The dictionary says a habit is a "settled tendency", "an acquired mode of behavior that's become nearly or completely involuntary." This sounds a lot like the purpose of firmware: a behavior is found to be repetitive, consistently useful, and worth speeding up, so we practice it repeatedly until it becomes mindless, second-nature.
Consider the positive version of a "habit”, the productive and self-improving variety. Forming a "good habit" of waking up early to write, or hitting the gym every day. But let's look at them more broadly as "useful things you repeat regularly".
Whenever possible, the conscious mind likes to pawn off tasks to the nonconscious mind to do automatically. This is precisely what happens when a habit is formed. Habits reduce cognitive load and free up mental capacity, so you can allocate your attention to other tasks. —James Clear, Atomic Habits
There’s a relationship between habit-forming and the mastery of skills. Oftentimes we want to form habits to enable mastery — in athletics, craftsmanship, writing, art, programming. All skills benefit from certain positive habits.
Part of the process of developing a skill means shaping certain activities into habits: figuring out a scalable way to execute the repetitive, necessary tasks in order to push them into the mental background. You want them to happen on autopilot so you can focus your energy on the uniquely creative and interesting. You want to do the simple parts quickly and leave time to deliberate on the hard parts.

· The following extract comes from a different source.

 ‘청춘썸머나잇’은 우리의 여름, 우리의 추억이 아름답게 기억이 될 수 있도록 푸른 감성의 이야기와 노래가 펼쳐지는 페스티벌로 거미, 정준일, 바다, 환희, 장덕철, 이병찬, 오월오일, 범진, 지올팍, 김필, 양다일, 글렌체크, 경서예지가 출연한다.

If you watch a master of a craft at work, you'll see these honed habits on display constantly. Take the process of making furniture: sketching, measuring, preparation, setup, making jigs — all of these repetitive steps in service of making a single cut. These are movements the master executes out of habit. The simple act of pulling out the tape to check a number, making clean marks, labeling all their parts clearly, keeping the workspace clean. With repetitions, these actions become instincts. They're things the hands are doing while the mind might be on making the final cut. The cut itself is the irreversible step, and the experienced craftsman knows how to focus attention there. They can work quickly and automatically right up until the part that matters most.

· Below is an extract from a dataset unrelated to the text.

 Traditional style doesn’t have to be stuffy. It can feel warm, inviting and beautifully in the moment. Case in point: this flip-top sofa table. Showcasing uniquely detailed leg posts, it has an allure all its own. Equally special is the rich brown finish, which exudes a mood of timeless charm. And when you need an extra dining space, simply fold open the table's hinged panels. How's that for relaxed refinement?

Or think of a chef, and their relentless attention to organization, cleanliness, and tidying-while-working. The mise en place managed carefully but with muscle memory, clearing space (literally and mentally) to focus on the food itself.
For novices, even those of us that appreciate the benefits of preparation and setup (which often we don't), we take a long time and siphon away our attention performing background actions. You might need to pause between prep steps to clean up… but where'd you leave the broom? Or getting out the T-square to check alignment, but which side did I already measure, again? These little frictions pile up. You should see me in the kitchen trying to do anything more complex than 1 thing at a time. I look completely in the weeds. Meanwhile Kenji’s doing 3 things at once, narrating the whole process, and recording video simultaneously.

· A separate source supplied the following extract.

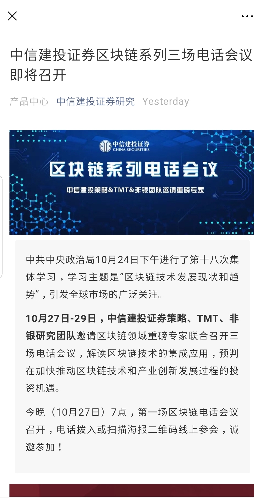 恒大首席经济学家任泽平一连发布了三篇关于区块链、Libra、比特币的报告,中信建投则将于10月27日至29日召开三场电话会议……其余券商不甘落后,各类报告也是纷至沓来。

Through practice, though, we learn how to identify what's worth automating. We get our environment configured for the workflow. We get more adept at the activities to the degree we can just do them without thinking. Through trial and error we figure out the appropriate order-of-operations and carry it out naturally.
Sharpening your good habits relegates the repetitive into the background, so your lizard brain can do the work while your active brain can spend time on the more important parts.